Os Kitava: Sabedoria proveniente das Ilhas do Pacífico

 

Existem muito poucas culturas muito poucas neste planeta que não foram afetadas pelos hábitos alimentares modernos.

Existem ainda menos que tenham sido estudadas de forma exaustiva. A ilha de Kitava em Papua Nova Guiné é a anfitriã de uma tal cultura, e os seus habitantes têm muitas coisas profundas para nos ensinar sobre dieta e saúde.

O estudo Kitava, uma série de documentos produzidos principalmente pelo Dr. Staffan Lindeberg e seus colaboradores, oferece um vislumbre da nutrição e saúde de uma sociedade antiga, usando métodos científicos modernos. Este estudo é uma das caracterizações mais completas e úteis da dieta e da saúde de uma sociedade não industrializada que já vi. E é também o estudo que criou e, finalmente, resolveu, a minha dissonância cognitiva sobre os efeitos dos carboidratos na saúde.

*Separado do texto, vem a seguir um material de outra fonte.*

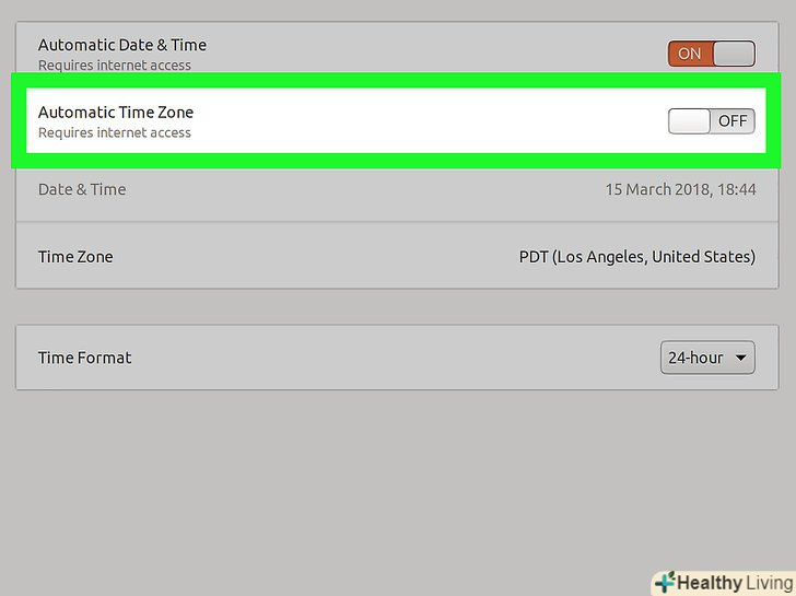 Вимкніть автоматичне визначення часового поясу.для цього натисніть на синій перемикач "автоматично визначати часовий пояс".- Якщо цей параметр вже вимкнено, пропустіть цей крок.
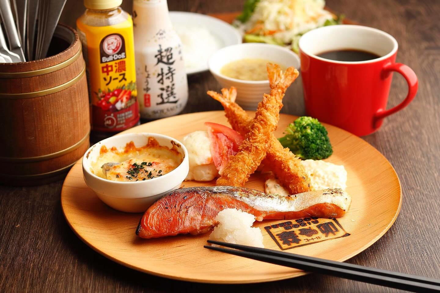 ○和風の鮭漬け ○エビフライ ○グラタン 付きの欲張りランチ✨🤍
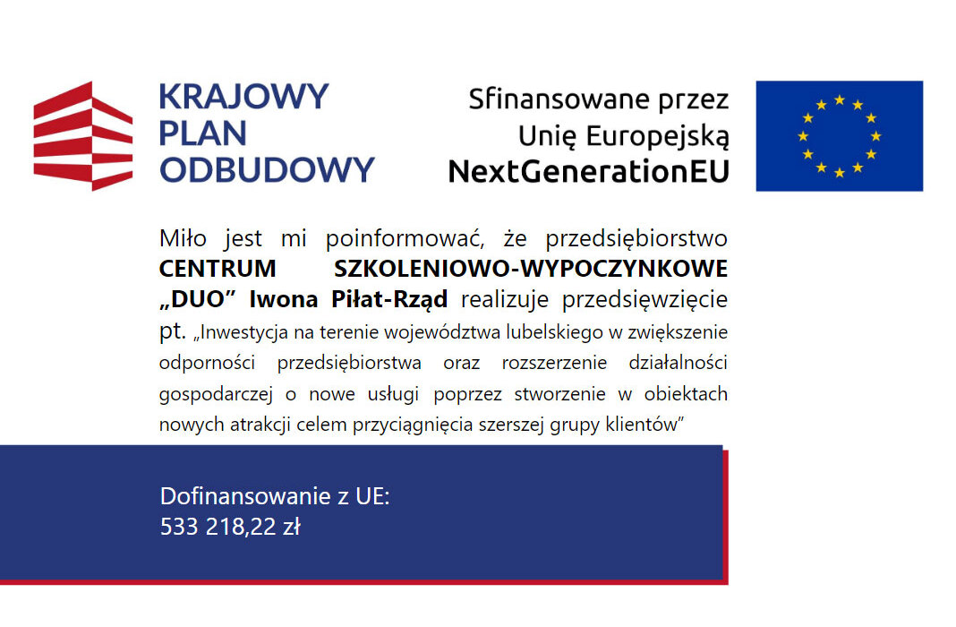 Aby świadczyć usługi na najwyższym poziomie, Serwis wykorzystuje pliki cookies zapisywane w pamięci przeglądarki. Szczegółowe informacje na temat celu ich używania, w tym przetwarzania danych dotyczących aktywności użytkownika oraz personalizacji reklam, oraz możliwość zmian ustawień plików cookies, znajdują się w Polityce prywatności. Klikając AKCEPTUJĘ WSZYSTKIE, wyrażasz zgodę na korzystanie z technologii takich jak cookies i na przetwarzanie przez Centrum Szkoleniowo Wypoczynkowe Iwona Piłat-Rząd, Turystyczna 10A, 23-300, Janów Lubelski Twoich danych osobowych zbieranych w Internecie, takich jak adresy IP i identyfikatory plików cookie, w celach analitycznych i marketingowych (w tym do zautomatyzowanego dopasowania reklam do Twoich zainteresowań, mierzenia ich skuteczności oraz przetwarzania danych użytkownika dla celów analitycznych). Zmiany ustawień plików cookies oraz szczegółowe preferencje dotyczące zgód możesz dokonać w .

A partir das fotos que vi, o Kitava são pessoas bonitas. Eles têm rostos completos, atraentes, a pele lisa e os excelentes dentes saudáveis ​​ típicos de povos não industrializados.

Tal como os Kuna, os Kitavans equilibram-se numa linha entre a vida agrícola e a vida de caçadores-recolectores. Eles ingerem uma dieta composta principalmente de tubérculos (inhame, batata doce, taro e mandioca), frutas, legumes, coco e peixe, em ordem de calorias. Isso é típico das culturas tradicionais das ilhas do Pacífico, embora as quantidades relativas possam diferir.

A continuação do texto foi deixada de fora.